1. Find the equations of the sides:

The equation of a line passing through two points with position vectors $\vec{a}$ and $\vec{b}$ is given by $\vec{r} = \vec{a} + \lambda(\vec{b} - \vec{a})$.

Side AB:

$\vec{a} = 4\hat{i} + 7\hat{j} + 8\hat{k}$

$\vec{b} = 2\hat{i} + 3\hat{j} + 4\hat{k}$

$\vec{b} - \vec{a} = (2-4)\hat{i} + (3-7)\hat{j} + (4-8)\hat{k} = -2\hat{i} - 4\hat{j} - 4\hat{k}$

Equation of AB: $\vec{r} = (4\hat{i} + 7\hat{j} + 8\hat{k}) + \lambda(-2\hat{i} - 4\hat{j} - 4\hat{k})$

In Cartesian form: $\frac{x-4}{-2} = \frac{y-7}{-4} = \frac{z-8}{-4}$ or $\frac{x-4}{1} = \frac{y-7}{2} = \frac{z-8}{2}$

Side BC:

$\vec{b} = 2\hat{i} + 3\hat{j} + 4\hat{k}$

$\vec{c} = -1\hat{i} - 2\hat{j} + 1\hat{k}$

$\vec{c} - \vec{b} = (-1-2)\hat{i} + (-2-3)\hat{j} + (1-4)\hat{k} = -3\hat{i} - 5\hat{j} - 3\hat{k}$

Equation of BC: $\vec{r} = (2\hat{i} + 3\hat{j} + 4\hat{k}) + \mu(-3\hat{i} - 5\hat{j} - 3\hat{k})$

In Cartesian form: $\frac{x-2}{-3} = \frac{y-3}{-5} = \frac{z-4}{-3}$

Side CD:

$\vec{c} = -1\hat{i} - 2\hat{j} + 1\hat{k}$

$\vec{d} = 1\hat{i} + 2\hat{j} + 5\hat{k}$

$\vec{d} - \vec{c} = (1-(-1))\hat{i} + (2-(-2))\hat{j} + (5-1)\hat{k} = 2\hat{i} + 4\hat{j} + 4\hat{k}$

Equation of CD: $\vec{r} = (-1\hat{i} - 2\hat{j} + 1\hat{k}) + \nu(2\hat{i} + 4\hat{j} + 4\hat{k})$

In Cartesian form: $\frac{x+1}{2} = \frac{y+2}{4} = \frac{z-1}{4}$ or $\frac{x+1}{1} = \frac{y+2}{2} = \frac{z-1}{2}$

Side DA:

$\vec{d} = 1\hat{i} + 2\hat{j} + 5\hat{k}$

$\vec{a} = 4\hat{i} + 7\hat{j} + 8\hat{k}$

$\vec{a} - \vec{d} = (4-1)\hat{i} + (7-2)\hat{j} + (8-5)\hat{k} = 3\hat{i} + 5\hat{j} + 3\hat{k}$

Equation of DA: $\vec{r} = (1\hat{i} + 2\hat{j} + 5\hat{k}) + \tau(3\hat{i} + 5\hat{j} + 3\hat{k})$

In Cartesian form: $\frac{x-1}{3} = \frac{y-2}{5} = \frac{z-5}{3}$

2. Find the foot of the perpendicular from A to CD:

Let the coordinates of the foot of the perpendicular be P.
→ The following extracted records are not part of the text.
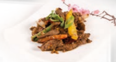
71. Bò Xào Sả Ót Pikante bief
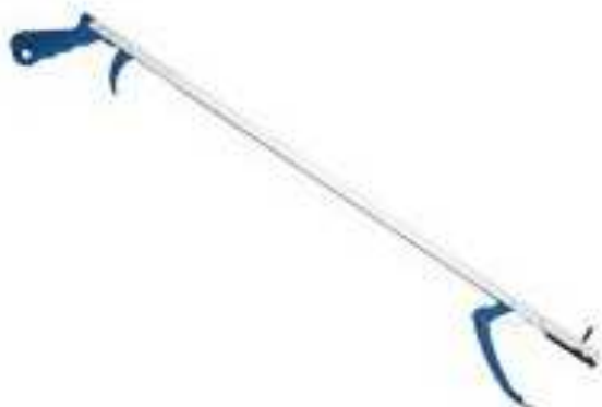
Pince préhension Nicky bleue Longueur 76 cm Bout équipé d'un aimant Utilisation à deux doigts article 3593
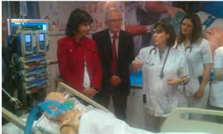
Valladolid acogerá el martes una campaña que trata de llamar la atención sobre el trabajo de los médicos en las UCI

El autobús de la campaña 'UCI es VIDA' llegará el martes, 9 de abril, a Valladolid para tratar de llamar la atención sobre el trabajo que realizan los médicos en las unidades de cuidados intensivos (UCI).
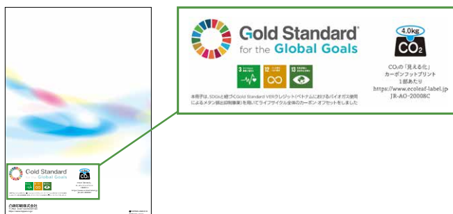
トッパン「統合レポート2020(和文)」 (印刷冊子裏表紙)

https://ecoleaf-label.jp/pdf_view.php?uuid=c2743b52-521c-469b-a28b-3c698f0311ea.pdf&filename=JR-AO-20008C_JPN.pdf
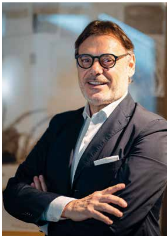
Marco Sarto Sindaco di Caorle (Venezia)
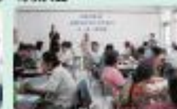
南都地区リーダーの交流会
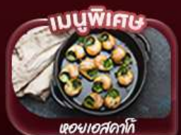
เมนูพิกนิก
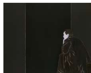
Djamel TATAH, Sans titre , 2011, huile et cire sur toile, 200 x 250 cm, collection privée, France. © Jean-Louis Losi / © Adagp, Paris, 2022
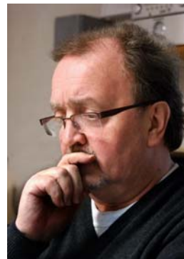
Entdecker: Sigggi Müller, Fotograf.

Die Diapositive wurden in Holzkästen eingelagert und gerieten in Vergessenheit. Erst kürzlich hat sein Sohn, Sigggi Müller, der das Geschäft vom Vater übernahm, die Farbdias wieder entdeckt.
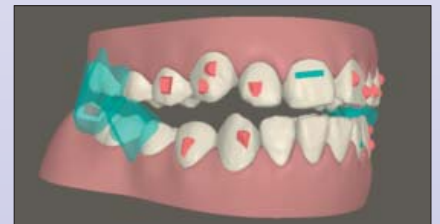
Komplexe Behandlungsplanung: Die Wings (grün) ersetzen die herausnehmbare Zahnspange und die Attachments (rot) die feste Zahnspange

versicherung übernommen. Gesetzlich Versicherte müssen diese Kosten selbst tragen. Hierfür sind Ratenzahlungen von 150 bis 200 Euro über mehrere Monate möglich. Das Finanzamt erstattet einen Teil der Aufwendungen.
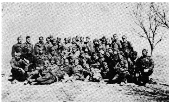
Partijska organizacija 3. bataljona u rejonu Sida, nekoliko dana pred proboj sremskog fronta
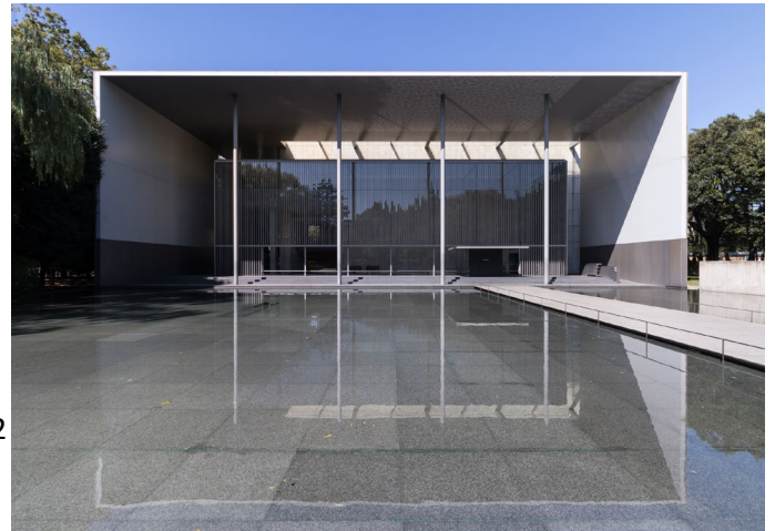
Gallery of Horyuji Treasures
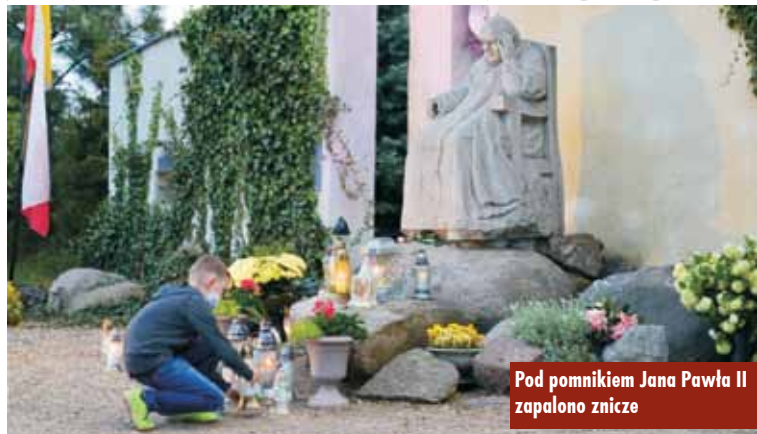
Pod pomnikiem Jana Pawła II zapalono znicze

Mikorzynie. Jan Paweł II jest bowiem patronem tamtejszej szkoły podstawowej.
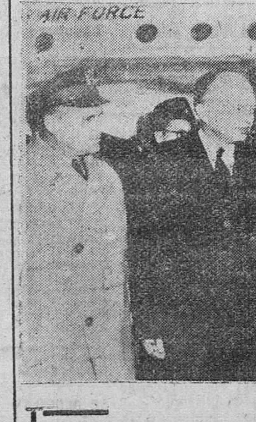
Paris.—El secretario de Estado norteamericano, Mr. Foster Dulles, a su llegada al aeródromo, donde fue recibido por el ministro de Asuntos Exteriores francés, Mr. Bidault y el comandante supremo de la N.A.T.O., general Ridgway, que aparece a la izquierda de la fotografía, al lado de Mr. Stassen, jefe de la Oficina de Seguridad Mútua.

ALARMANTE SITUACIÓN DE LOS SEMBRADOS.—Zaragoza.—Según datos facilitados por la Cámara Sindical
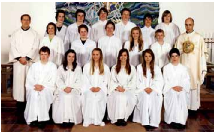
Teie kirke, søndag 10. mai kl 10.30.
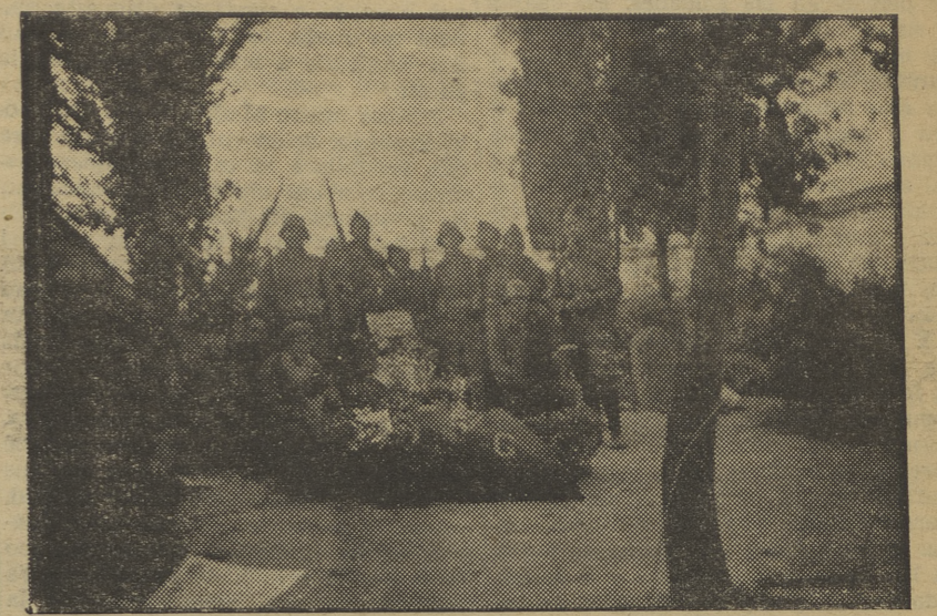
Un grupo de milicianos del P. O. U. M. junto a la tumba del valiente capitán Galán, en el cementerio de Huesca.

Cuando el comandante Reyes, de la aviación roja, se hizo cargo de las dos (Continúa página 6)
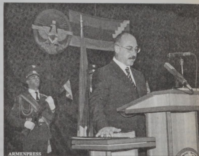
Նախագահ Արկաղի Ղուկասեան կ'երգուի

Երգուելով Արցախի պետական դրօշի, գինանշանի, 12րդ դարու Ալեքսարանի մը ու Լեռնային Ղարաբաղի անկախութեան հռչակագրի իրականացման համար՝ նախագահ Ղուկասեան ըսաւ. «Ստանձնելով Լեռնային Ղարաբաղի Հանրապետութեան նախագահի պաշտօնը, կ'երգնում» ըլլալ
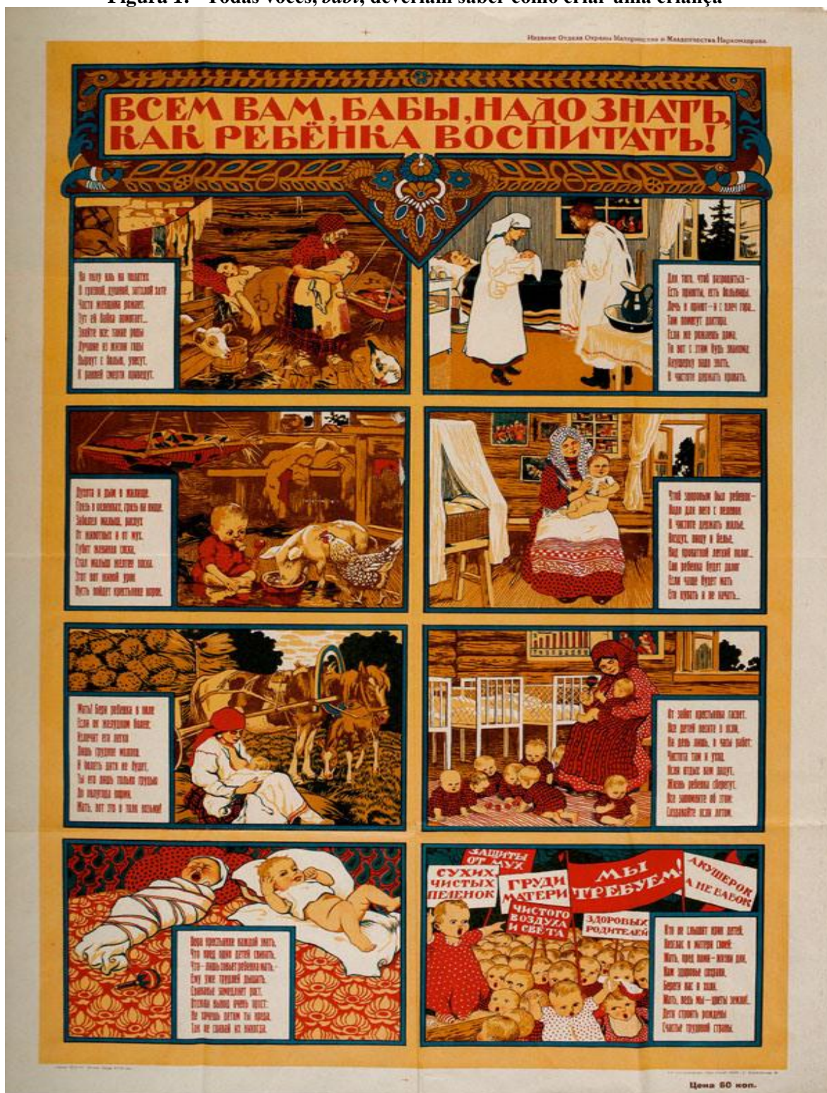
Figura 1: “Todas vocês, babi , deveriam saber como criar uma criança”
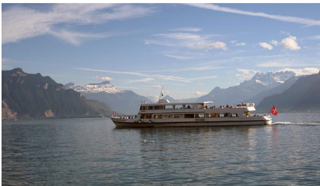
Schifffahrt auf dem Genfersee

Von Montreux fährt der Golden Pass hinauf nach Les Avants mit grandioser Aussicht auf den Genfersee und die terrassenförmigen Weinberge. Dann folgt das Pays d'Enhaut – Château-d'Oex und weiter geht es an bekannten Orten wie Gstaad und Saanenmöser vorbei nach Zweisimmen, das Ziel der Bahnreise! Weitere Höhepunkte dieser Reise sind die Schifffahrt auf dem Genfersee und die Bahnfahrt auf die Schynige Platte.
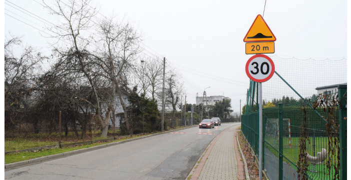
O nowej organizacji ruchu informują znaki drogowe
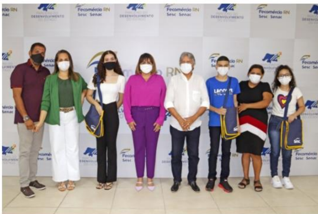
Gestores da Fecomércio e Sesc com os novos alunos e a concluinte da ESEM

Com os novos alunos, sobe para 55 o número de potiguaros que ingressaram na instituição referência no país.
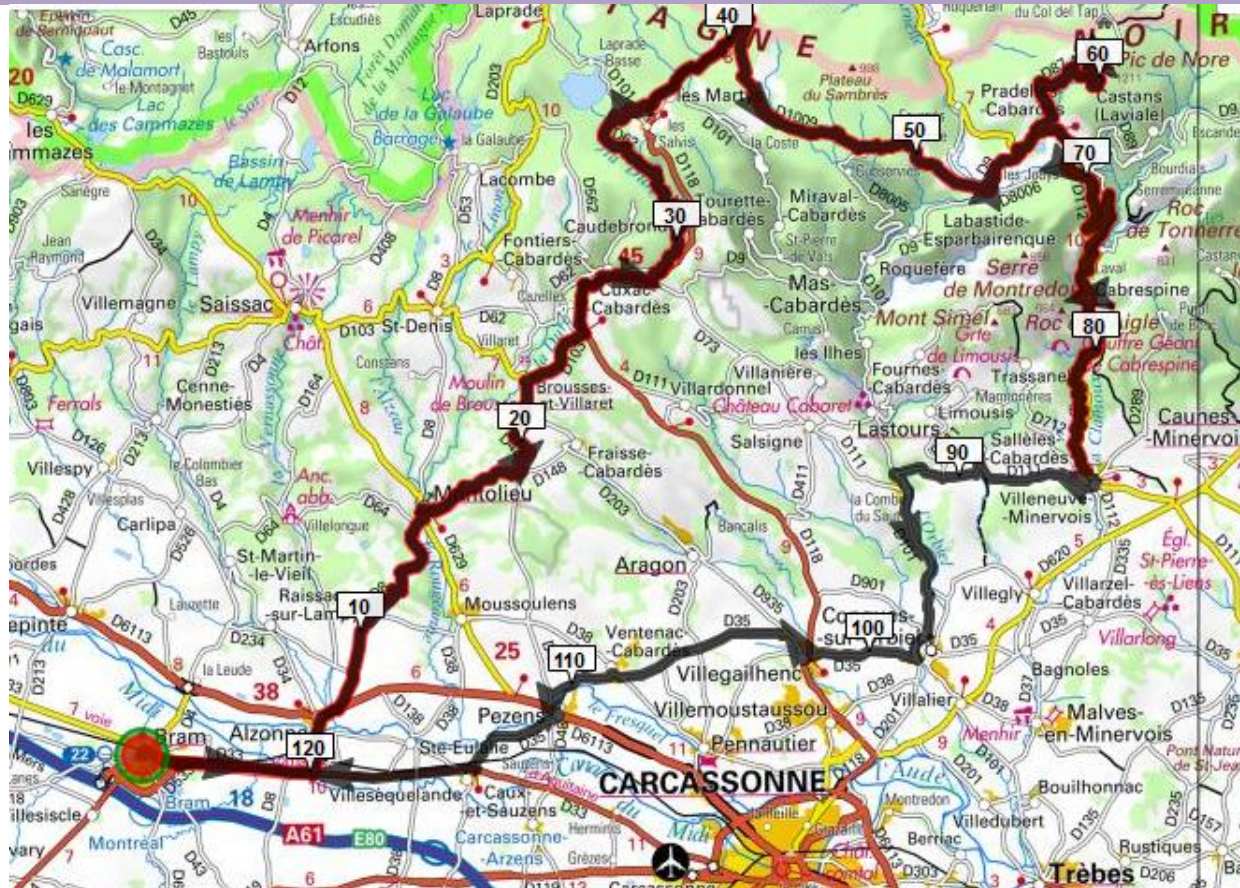
BRAM [Pic de Nore par route des crêtes]
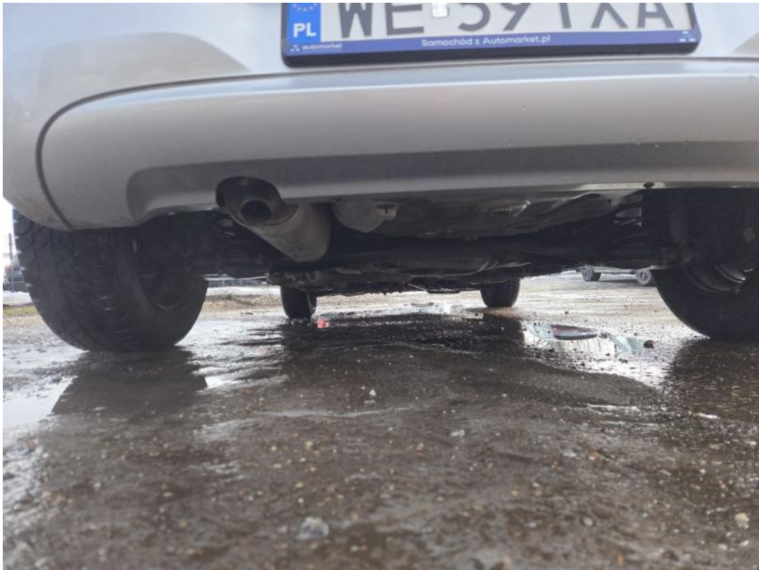
Fot. 27 Spód pojazdu tył
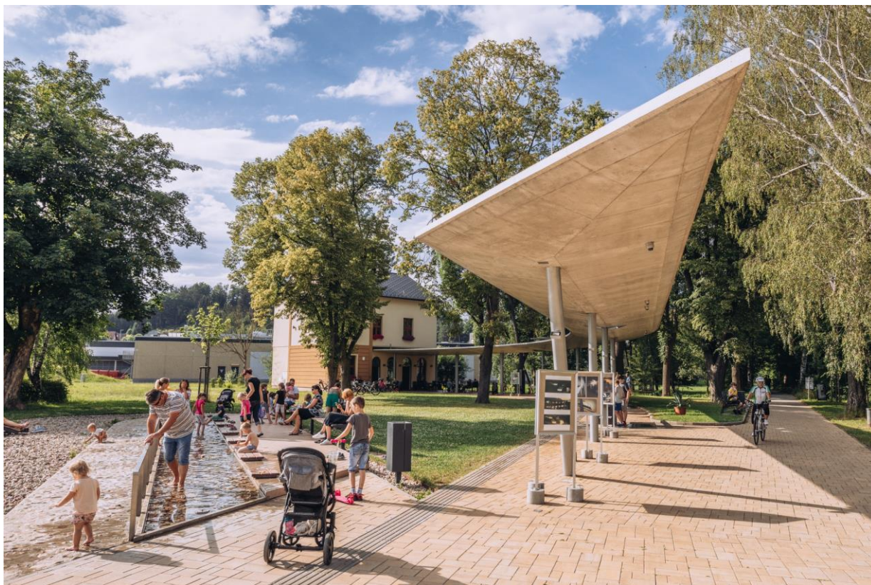
Malé lázně Běloves
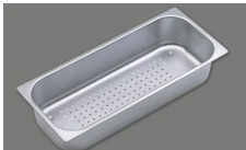
> Weblink 40.000.914.00 / CHF 106.- Vaschetta, forato
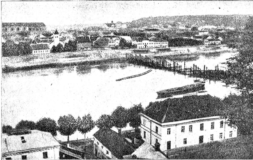
Kaunas (Kowno) mit dem Nemunas (Njemen).
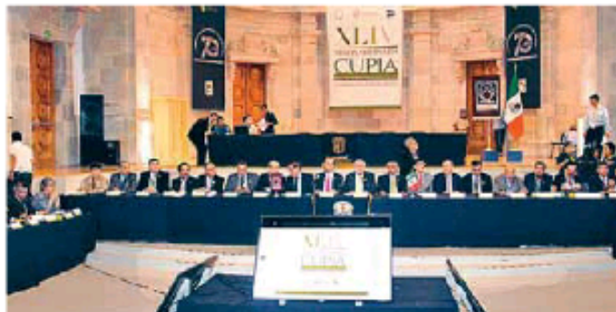
El consejo de la asociación analizó la problemática actual de la educación.

En primer lugar, las acciones que ha realizado la ANUIES como institución coadyuvante en la instrumentación del nuevo sistema de justicia penal que entrará en vigor en junio de 2016 en todo el territorio nacional. A este respecto, los rectores y directores miembros del Cupia informaron a la Secretaría Técnica del Consejo de Coordinación para la Implementación del Nuevo Sistema de Justicia Penal (Setec de la Secretaría de Gobernación, las actividades que desde 2008 han venido realizando, tales como la adecuación de sus planes y programas de estudio, así como de
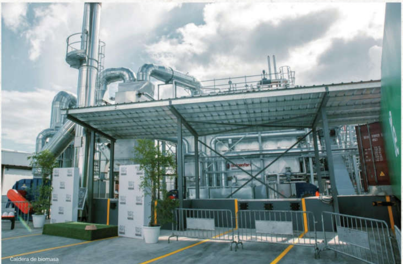
Caldera de biomasa

Sin embargo, tenemos la ambición de un futuro más sostenible, la determinación para llevarlo a cabo y la disposición de trabajar en conjunto.", expresa Wiechers.
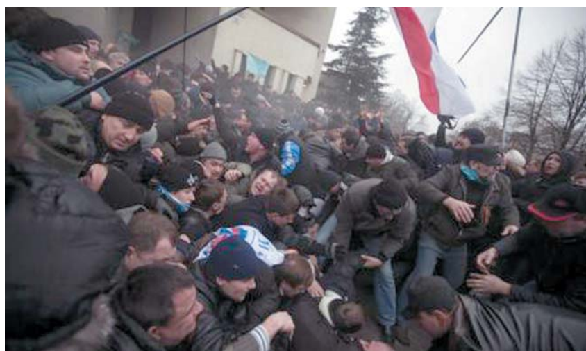
26日、ウクライナ南部クリミア半島シンフェロポリで、小競り合いをする新体制支持派と親ロシア派の住民
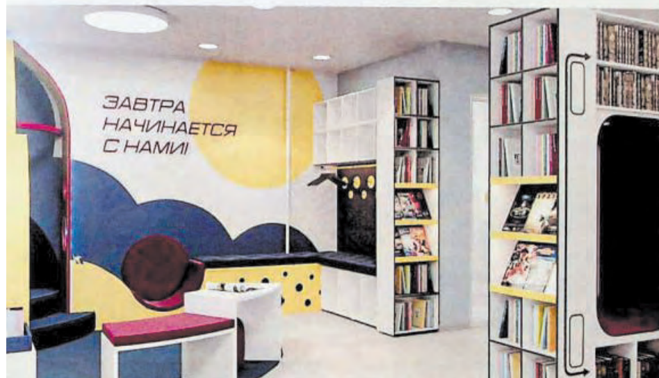
Так будет выглядеть зона выдачи детских книг после обновления библиотеки

Торжественное открытие запланировано на конец сентября этого года. Уверена, что посетители тоже будут в восторге, когда оценят перемены.
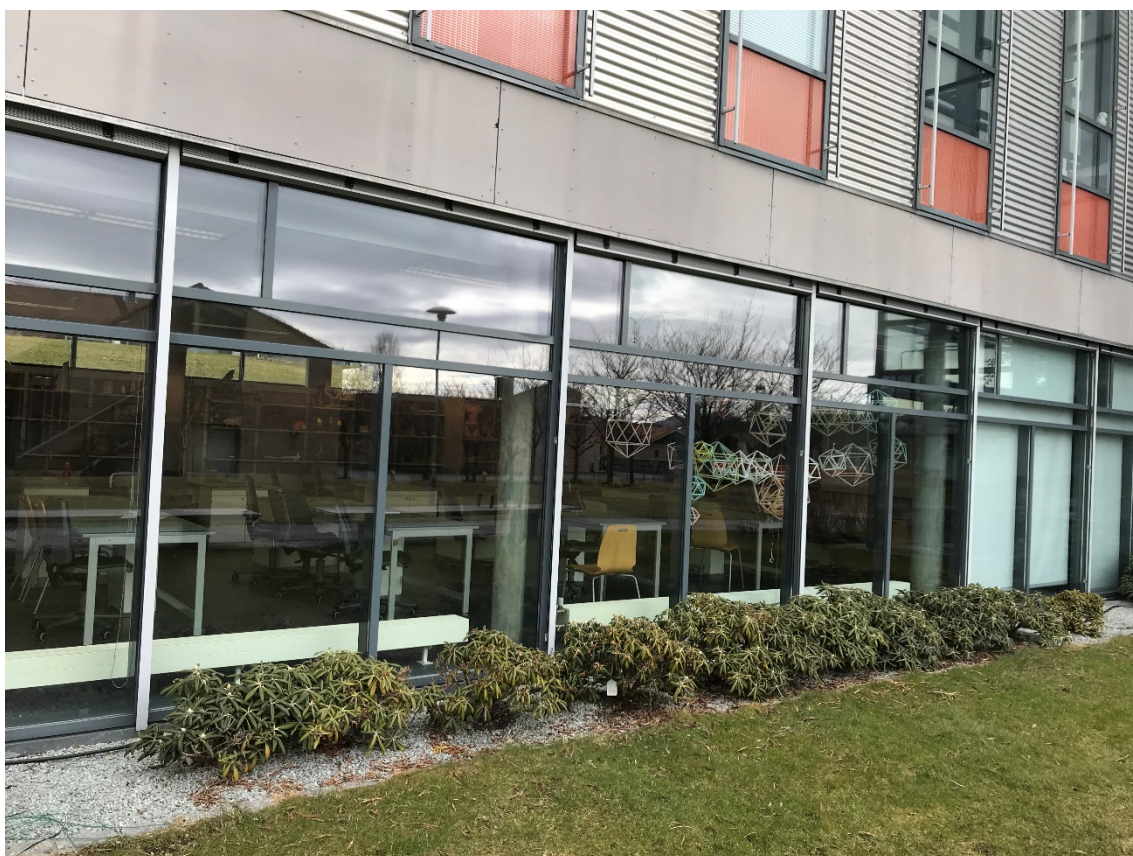
Bilde 1.1: Biologilab K-003 sett fra utsiden

Tilstede i laboratoriet var 21 elever fra Forskerlinjen på St. Olav videregående skole, en faglærer fra St. Olav og faglærer fra UiS.
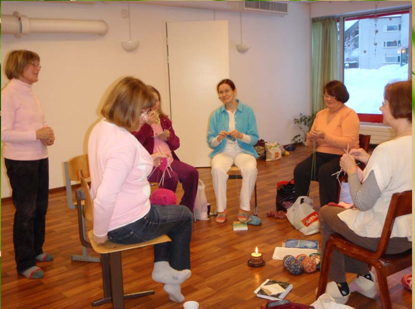
Neulepiiri vuosimallia 2008

The equation of line CD is $\frac{x+1}{1} = \frac{y+2}{2} = \frac{z-1}{2} = k$

So, the coordinates of any point on CD are $(k-1, 2k-2, 2k+1)$.

Let P be $(k-1, 2k-2, 2k+1)$.

Direction ratios of AP are $(k-1-4, 2k-2-7, 2k+1-8) = (k-5, 2k-9, 2k-7)$.

Direction ratios of CD are $(1, 2, 2)$.

Since AP is perpendicular to CD, the dot product of their direction ratios is zero.

$1(k-5) + 2(2k-9) + 2(2k-7) = 0$

$k - 5 + 4k - 18 + 4k - 14 = 0$

$9k - 37 = 0$

$k = \frac{37}{9}$

Coordinates of P are $(\frac{37}{9}-1, 2(\frac{37}{9})-2, 2(\frac{37}{9})+1) = (\frac{28}{9}, \frac{56}{9}, \frac{83}{9})$.